**SOURCE MATERIAL:**

Start of Block

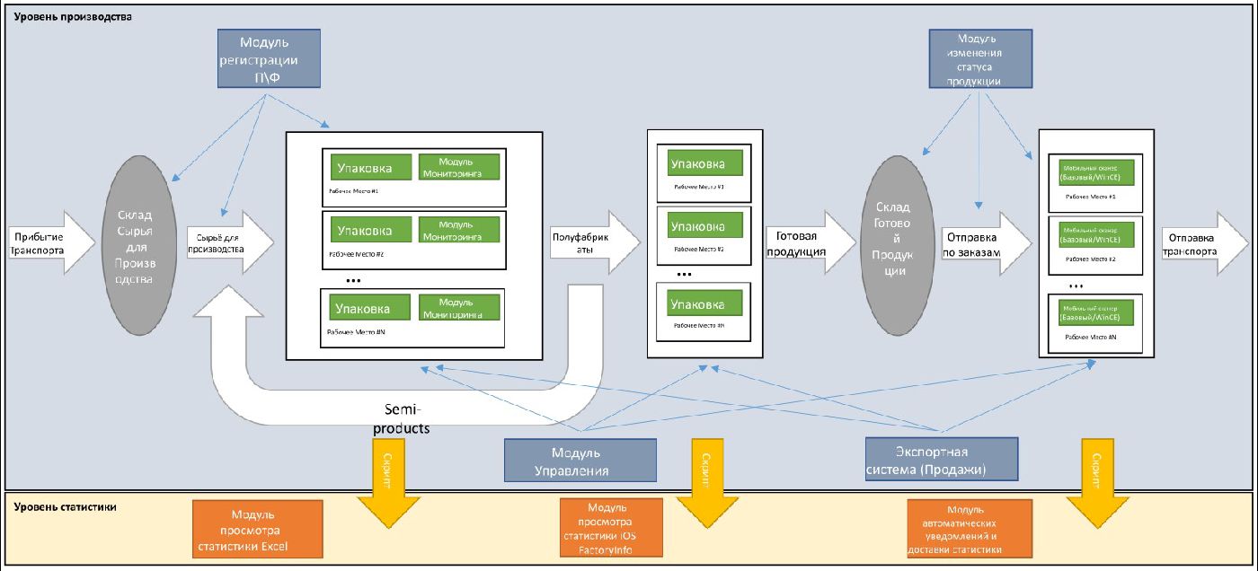 Система позволяет автоматизировать учет и контроль технологического процесса с момента формирования объема производства до маркировки и отгрузки выпускаемой продукции на малых и средних предприятиях легкой и пищевой промышленности.
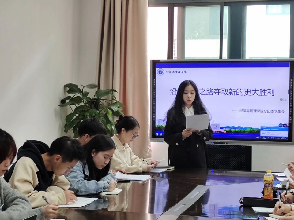 实际,对分团委进行了思想动员;最后,她提出学生干部应加强政治引领,全心全意为同学服务。会议现场,张老师悉心解读文件,抓题眼,抓关键词,同学们聚精会神,学以致用。
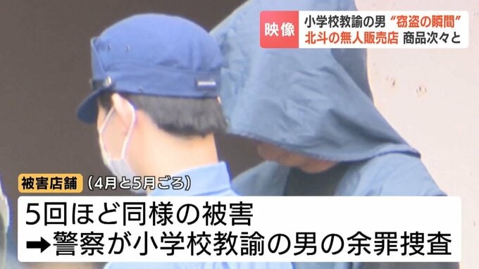 店によりますと、4月と5月頃にも、5回ほど同様の被害があり、警察は、小学校教諭の男の余罪も調べています。
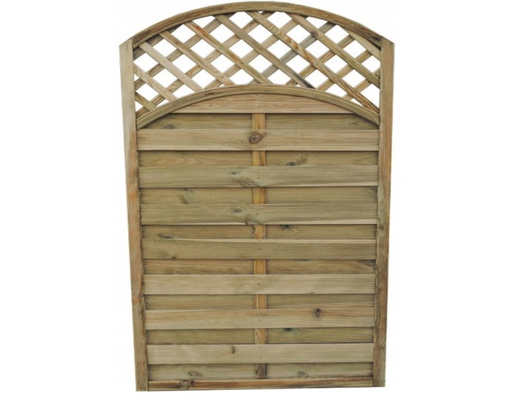 Zaklon lamelni sa ravnim lamelama je jednostavna letvicasta ograda u punom okviru, koju karakteriše suptilna lučna rešetka. To ogradi daje vrlo zanimljiv i elegantan izgled.

End of Block

Output the material word for word, and keep the pictures out.

 Система позволяет автоматизировать учет и контроль технологического процесса с момента формирования объема производства до маркировки и отгрузки выпускаемой продукции на малых и средних предприятиях легкой и пищевой промышленности.
 实际,对分团委进行了思想动员;最后,她提出学生干部应加强政治引领,全心全意为同学服务。会议现场,张老师悉心解读文件,抓题眼,抓关键词,同学们聚精会神,学以致用。
 店によりますと、4月と5月頃にも、5回ほど同様の被害があり、警察は、小学校教諭の男の余罪も調べています。
 Zaklon lamelni sa ravnim lamelama je jednostavna letvicasta ograda u punom okviru, koju karakteriše suptilna lučna rešetka. To ogradi daje vrlo zanimljiv i elegantan izgled.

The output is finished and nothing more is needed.